Exercise data Start Marker

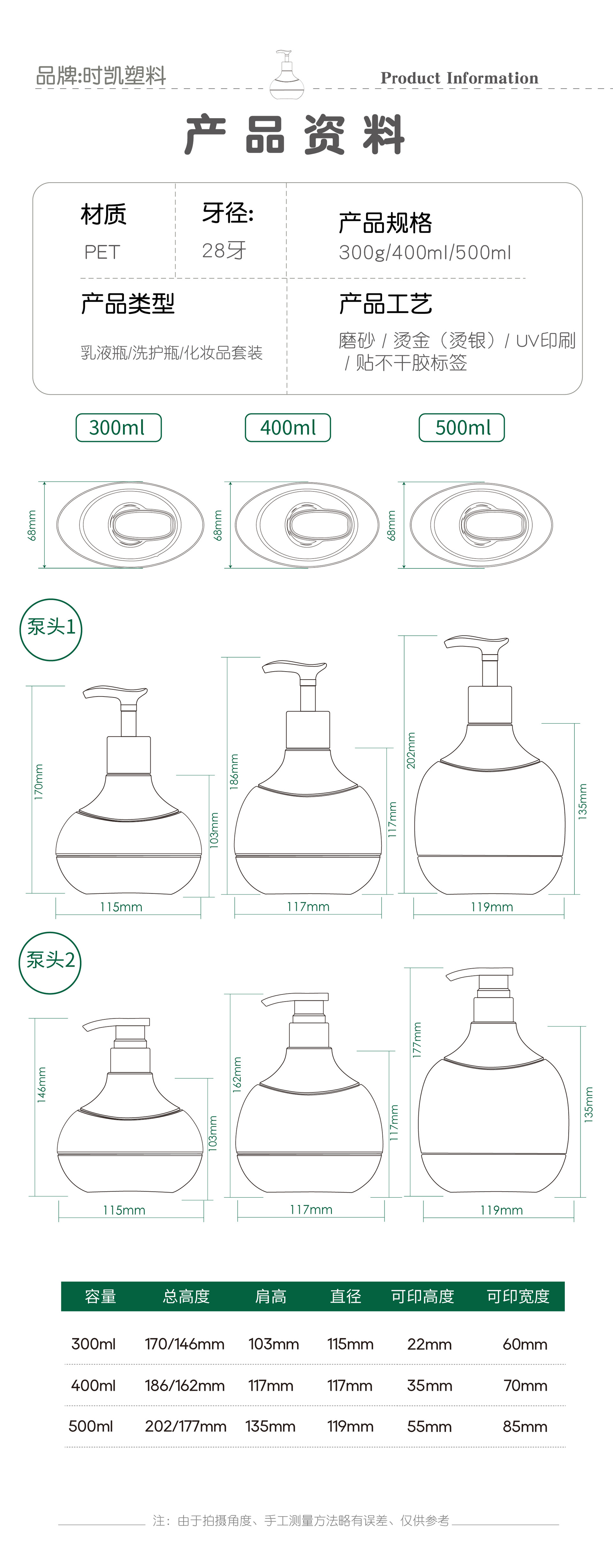 300/400/500mlPE洗护瓶按压式乳液洗手液瓶沐浴露洗发水分装瓶子
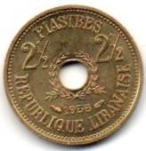 Libanas. 2 1/2 piastro ( 1955 ) XF
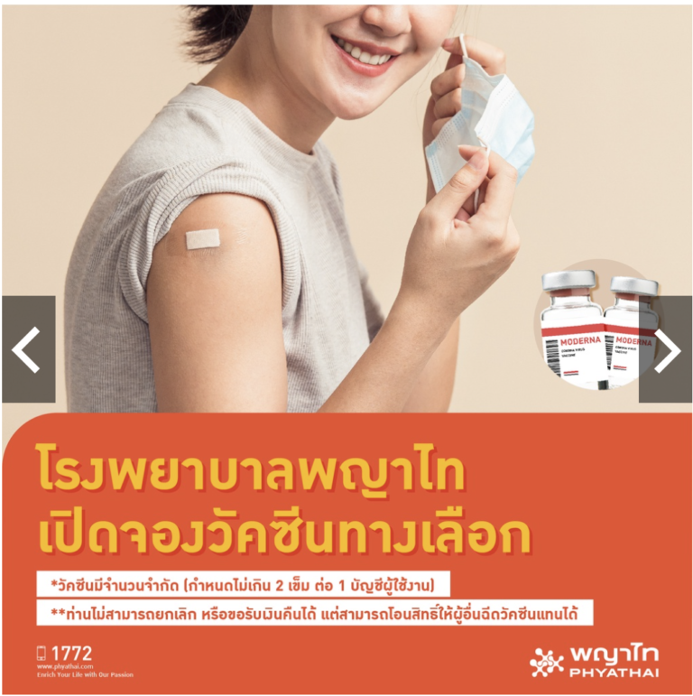 โรงพยาบาลพญาไท 2 แจ้ง ปิดรับจองวัคซีนทางเลือก โมเดอร์นา (moderna) ภายหลังจากที่เปิดให้จองไปเมื่อช่วง 12.00 น.
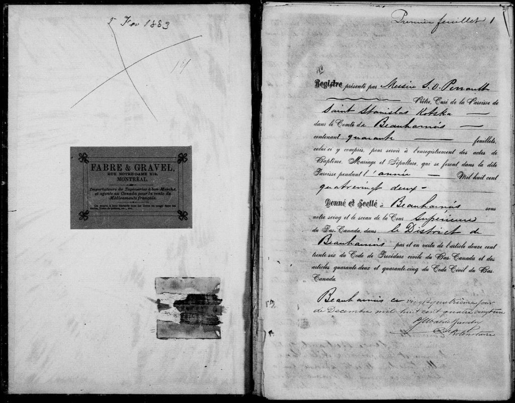 Saint-Stanislas-de-Kostka, 1860-1921, Archives nationales à Montréal, Fonds Cour supérieure. District judiciaire de Beauharnois. État civil, (06M,CE607,S17).
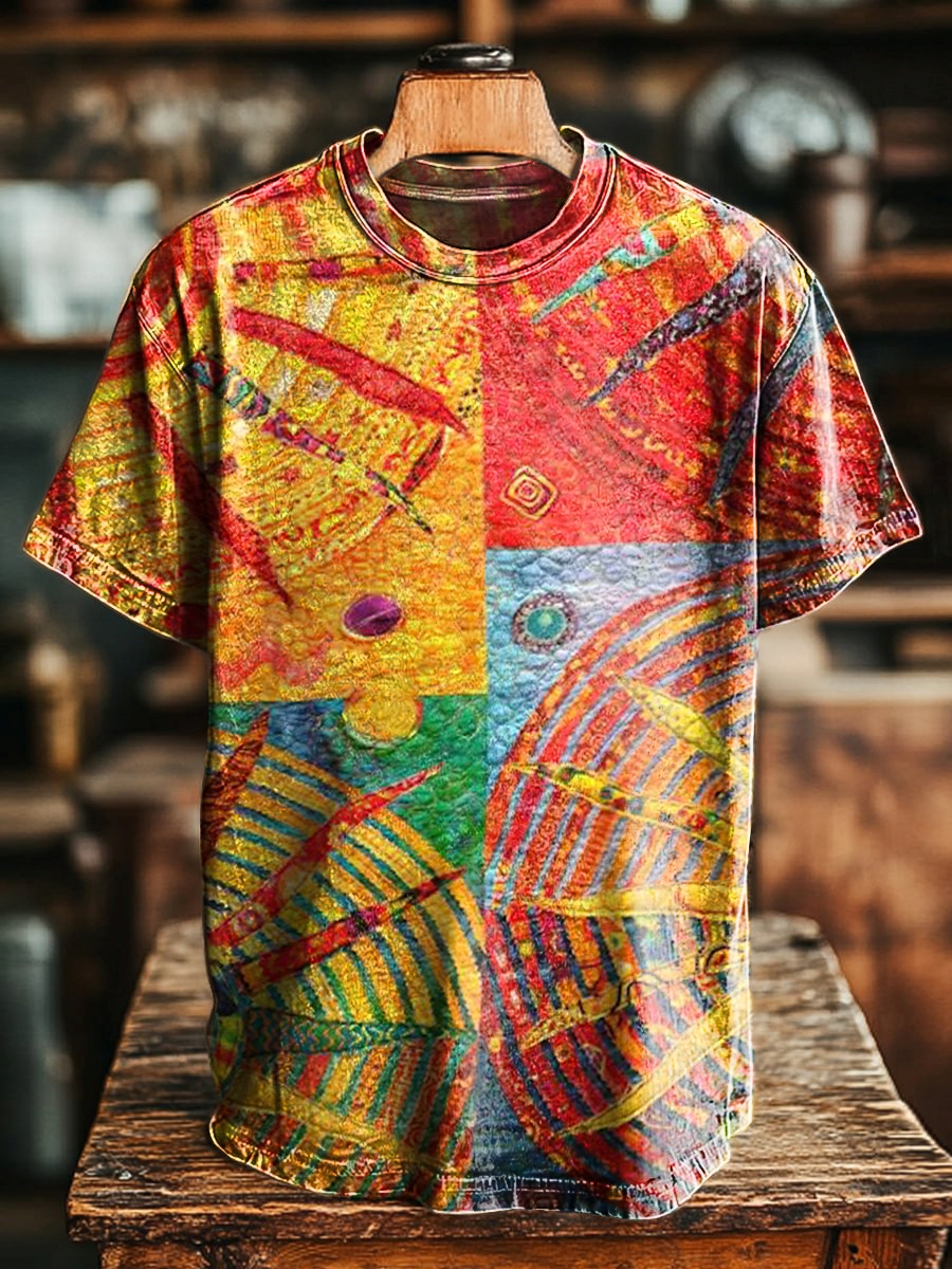 Unisex Bohemian Sun Collage Art Pattern Print Casual Loose Short Sleeve T-Shirt
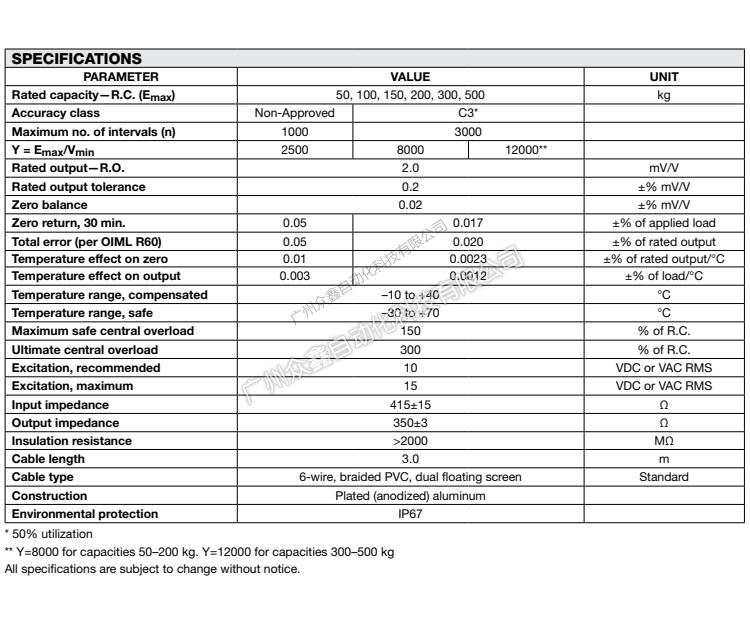 五、美國特迪亞 614稱重傳感器產(chǎn)品技術參數(shù)
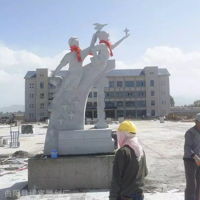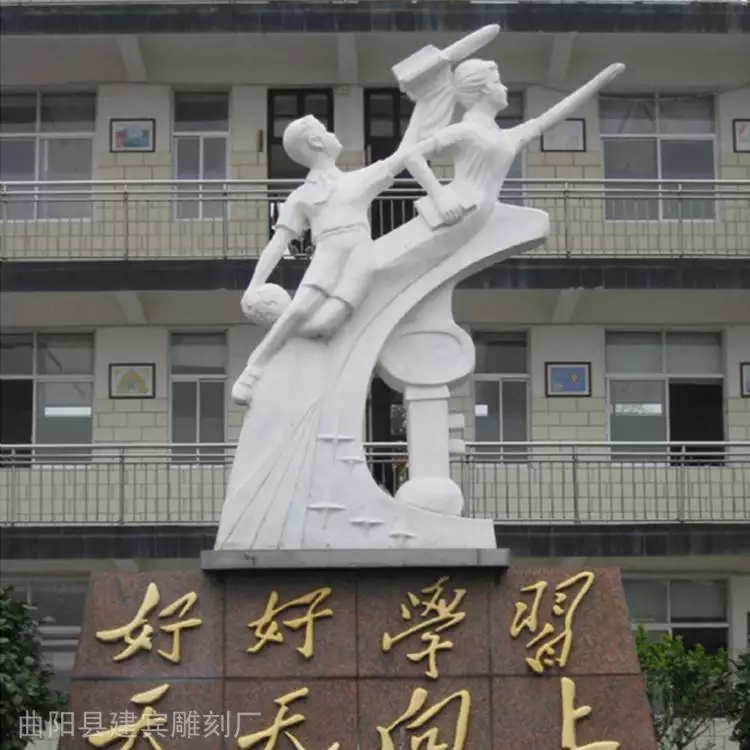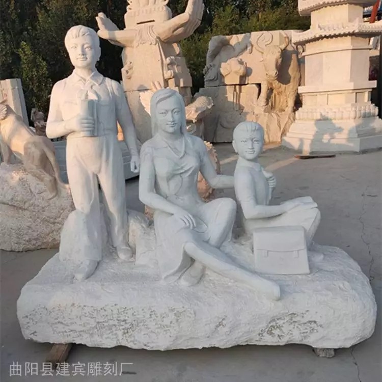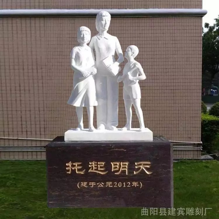 曲陽石雕廠生產石雕校園人物雕塑,為客戶免費提供石雕校園人物圖片。校園人物雕塑正逐漸地成為一所學校精神文明建設的重要體現,校園人物雕塑不光是裝點了校園景色,它往往蘊含了豐富的意義。一座校園人物雕塑,它或是紀念了學校一段難忘的歷史,或是反映了當前的校園文化。
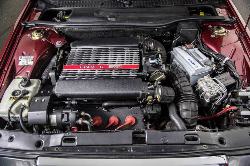 Hablamos de un motor de 2.927 centímetros cúbicos con culatas de cuatro válvulas por cilindro –la denominación “8.32” era por el número de cilindros y el número de válvulas–, alimentación mediante inyección electrónica y una potencia de 255 CV. Era un motor pensado para un automóvil deportivo, para una berlinetta, así que los ingenieros de Lancia adaptaron el motor a las pretensiones del coche. Por ejemplo, se cambio el cigüeñal plano por uno convencional –el calado de las muñequillas pasó de 180 a 90º–, se cambiaron las válvulas por unas un poco más pequeñas, se cambió el orden de encendido y la inyección Microplex de Magneti Marelli dejó su lugar a un sistema Bosch KE3 Jetronic. El resultado fue que se pasó de 255 a 215 CV a 6.750 revoluciones y de 263 a 285 Nm de par a 4.500 revoluciones. Además, el motor no entraba en el vano motor y hubo que modificar los soportes y la bomba del agua, que era específica para los Thema 8.32.
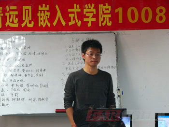在項(xiang)目(mu)(mu)答(da)辯正式開始之前,曹老師(shi)(shi)(shi)首先(xian)簡單(dan)的(de)介紹(shao)了(le)參(can)加答(da)辯的(de)各位(wei)評委老師(shi)(shi)(shi),之后曹老師(shi)(shi)(shi)向學員(yuan)們詳細(xi)說明了(le)項(xiang)目(mu)(mu)答(da)辯的(de)流(liu)程和具(ju)(ju)體要求,并公布了(le)學員(yuan)答(da)辯的(de)先(xian)后順序。在介紹(shao)完相關項(xiang)目(mu)(mu)答(da)辯的(de)具(ju)(ju)體安排之后,由(you)1008期第一個項(xiang)目(mu)(mu)組《基于(yu)GPRS的(de)遠程監控系統》的(de)小組組長陳(chen)瑋煒拉(la)開了(le)答(da)辯的(de)序幕。
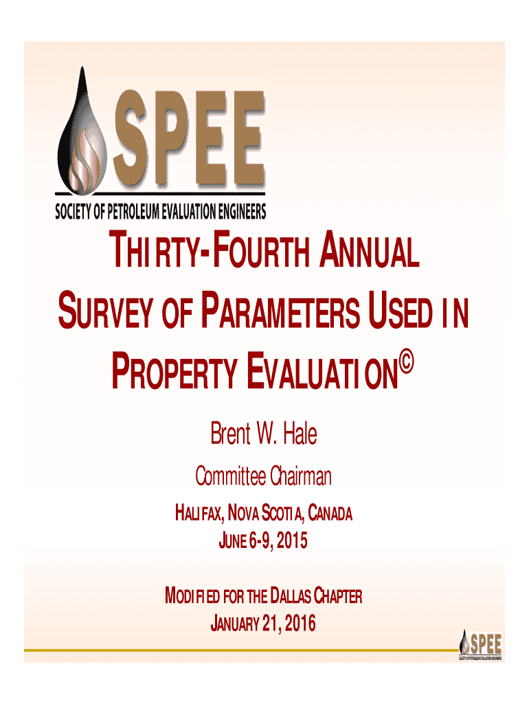 THIRTYFOURTH ANNUAL SURVEY OF PARAMETERS USED IN PROPERTY EVALUATION Brent W. Hale Committee Chairman HALIFAX, NOVA SCOTIA, CANADA JUNE 69, 2015 MODIFIED FOR THE DALLAS CHAPTER JANUARY 21, 2016Part
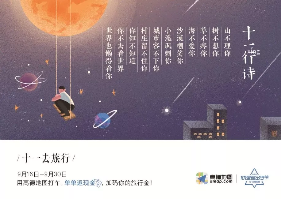 十一长假马上就到了,又是一年出游季。高德地图为了鼓励大家出门看世界,推出了一套十一行诗,并将诗意的元素延伸到了海报上。海报中如诗如画的意境,激起了不少网友心中的涟漪。
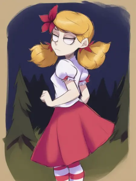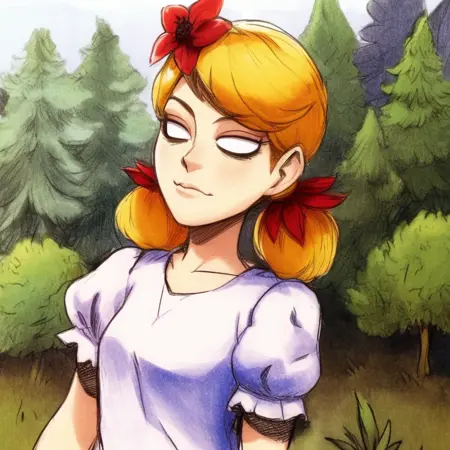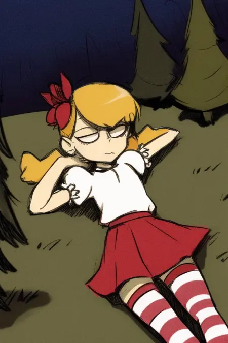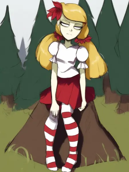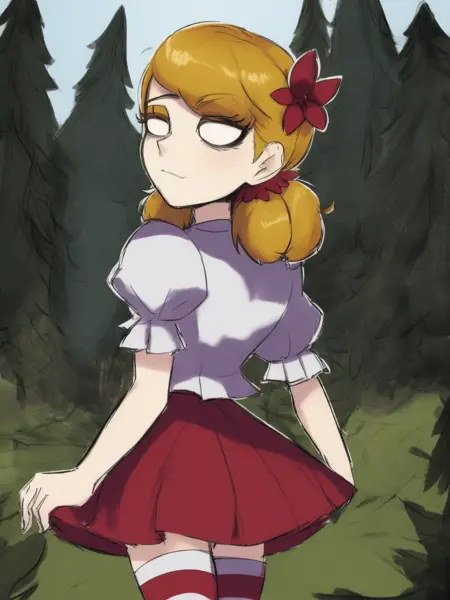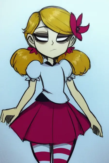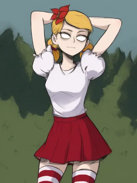 기본 복장: wendydst, 1girl, solo, twintails, 금발 머리, 앞머리, 머리에 꽃, 흰색 셔츠, 짧은 소매, 볼륨 있는 소매, 빨간 치마, 줄무늬 허벅지 양말, 입 닫음, 동공 없음, 흰색 눈, 눈 밑 다크서클, 신발

Exercise data End Marker

Reproduce exactly, with every picture left out, the lines from the one that contains "曲陽石雕廠生產石雕校園人物雕" to the final line of the records above.

## Exercise output
 曲陽石雕廠生產石雕校園人物雕塑,為客戶免費提供石雕校園人物圖片。校園人物雕塑正逐漸地成為一所學校精神文明建設的重要體現,校園人物雕塑不光是裝點了校園景色,它往往蘊含了豐富的意義。一座校園人物雕塑,它或是紀念了學校一段難忘的歷史,或是反映了當前的校園文化。
 Hablamos de un motor de 2.927 centímetros cúbicos con culatas de cuatro válvulas por cilindro –la denominación “8.32” era por el número de cilindros y el número de válvulas–, alimentación mediante inyección electrónica y una potencia de 255 CV. Era un motor pensado para un automóvil deportivo, para una berlinetta, así que los ingenieros de Lancia adaptaron el motor a las pretensiones del coche. Por ejemplo, se cambio el cigüeñal plano por uno convencional –el calado de las muñequillas pasó de 180 a 90º–, se cambiaron las válvulas por unas un poco más pequeñas, se cambió el orden de encendido y la inyección Microplex de Magneti Marelli dejó su lugar a un sistema Bosch KE3 Jetronic. El resultado fue que se pasó de 255 a 215 CV a 6.750 revoluciones y de 263 a 285 Nm de par a 4.500 revoluciones. Además, el motor no entraba en el vano motor y hubo que modificar los soportes y la bomba del agua, que era específica para los Thema 8.32.
在項(xiang)目(mu)(mu)答(da)辯正式開始之前,曹老師(shi)(shi)(shi)首先(xian)簡單(dan)的(de)介紹(shao)了(le)參(can)加答(da)辯的(de)各位(wei)評委老師(shi)(shi)(shi),之后曹老師(shi)(shi)(shi)向學員(yuan)們詳細(xi)說明了(le)項(xiang)目(mu)(mu)答(da)辯的(de)流(liu)程和具(ju)(ju)體要求,并公布了(le)學員(yuan)答(da)辯的(de)先(xian)后順序。在介紹(shao)完相關項(xiang)目(mu)(mu)答(da)辯的(de)具(ju)(ju)體安排之后,由(you)1008期第一個項(xiang)目(mu)(mu)組《基于(yu)GPRS的(de)遠程監控系統》的(de)小組組長陳(chen)瑋煒拉(la)開了(le)答(da)辯的(de)序幕。
 THIRTYFOURTH ANNUAL SURVEY OF PARAMETERS USED IN PROPERTY EVALUATION Brent W. Hale Committee Chairman HALIFAX, NOVA SCOTIA, CANADA JUNE 69, 2015 MODIFIED FOR THE DALLAS CHAPTER JANUARY 21, 2016Part
 十一长假马上就到了,又是一年出游季。高德地图为了鼓励大家出门看世界,推出了一套十一行诗,并将诗意的元素延伸到了海报上。海报中如诗如画的意境,激起了不少网友心中的涟漪。
 기본 복장: wendydst, 1girl, solo, twintails, 금발 머리, 앞머리, 머리에 꽃, 흰색 셔츠, 짧은 소매, 볼륨 있는 소매, 빨간 치마, 줄무늬 허벅지 양말, 입 닫음, 동공 없음, 흰색 눈, 눈 밑 다크서클, 신발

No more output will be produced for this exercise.